Decision Trees

As we have learnt by now, there is no single best analytics technique. Each technique is best suited to certain type and size of data and to a given objective, with their own strengths and weaknesses. If one has to pick the **most versatile and flexible technique**, which is suitable to wide array of problems, then **Decision Tree would be a strong contender**.

It is a broad, generic name, which covers several techniques – **CART, CHAID, C4.5, Quest** etc. being the most widely used ones. The underlying concept is same for all these techniques. We would cover the basic concepts, and then discuss each of them in detail.

Let us understand the concept with the help of same example on Home Ownership of 20 records, with Income and Household size as two measurements and Home ownership as the outcome. The sample data and a X-Y plot, with Income on x-axis and Household size on y-axis is shown below. The blue dots are “Own” and orange dots are “Rent” class.

Can we pick a boundary in terms of income or size, which separates the two classes (Own & Rent) in the best possible way? In this simple case, household size of 3 seems to separate these classes very well. Most of the records above size > 3 are “own” and below size <= 3 are “Rent”. This separation boundary (size = 3) is partitioning the overall data into two homogenous subgroups, one with mostly “Own” class and other with mostly “Rent” class. Now within these two subgroups, Income of 800 and 2000 (vertical lines in two partitions) seem to again partition these subgroup further into 4 homogenous groups. Effectively, these boundaries are creating smaller subsets, in a hierarchical fashion, which are more and more “pure” compared to parent sets. Hence the lower left partition bounded by Size <=3 and Income < 2000 is completely populated by “Rent” class. This sequence of splits, kind of become a decision rule to classify a record.

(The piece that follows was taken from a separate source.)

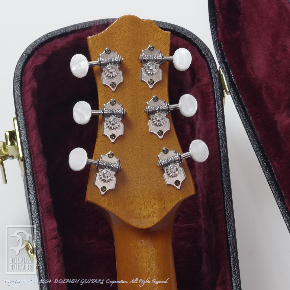 極薄に仕上げられたラッカー塗装の為、ボディにウェザーチェックが見られますが、目立つ傷などは見られません。全体的に細かくチェックするとヘッドやネック・ボディと小さな打痕などは確認できますが、特に気にならないかと思います。当店入荷時 ボディバックに僅かなクラックが見られたため補修しておりますが、補修痕はほとんどわからないほどに仕上がっております。その他 修理・改造履歴はありません。このまま安心してお使いいただけます。
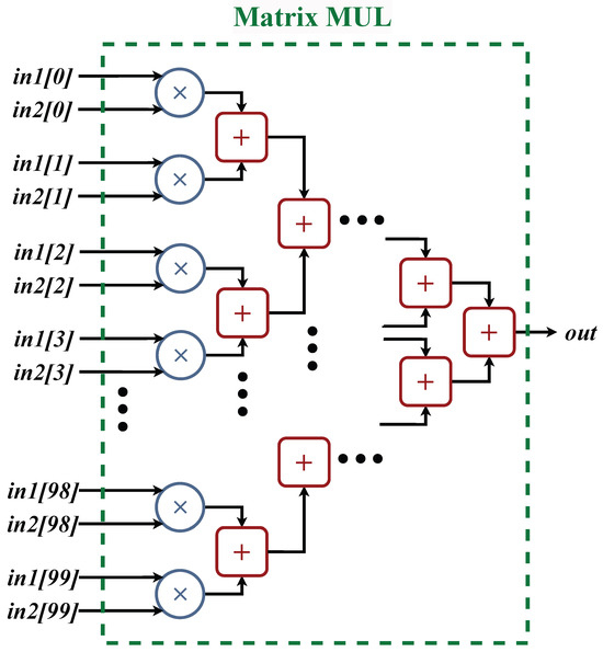 Multiplication operations are computationally intensive and dominate resource utilization. The only two multiplication operations are the state prediction ‘S_pred’ and the output prediction ‘Y_pred’ in Equations (11) and (14). The multiplication implementation for two 100-element vectors is described by the following equation:

This is the concept followed by Decision Trees in general, where a dataset is partitioned into more and more homogenous subgroups in a hierarchical fashion, and the criteria used to create these subgroups are used as a “Predictive Rule” for putting records into appropriate classes. One another valuable aspect of this method is that the strong predictors (important X variables) start emerging at each level of the partition. Hence “variable importance” is another useful result of using these techniques.

Although in this simple case, we could pick the decision boundaries visually, on practical data sets it may not be possible. We need an automated procedure to carry out the partitioning. The criterion to select the best “boundary” at each stage is based on the concept of “purity”. The criterion, which improves the overall purity of the data at each level is picked among various possibilities.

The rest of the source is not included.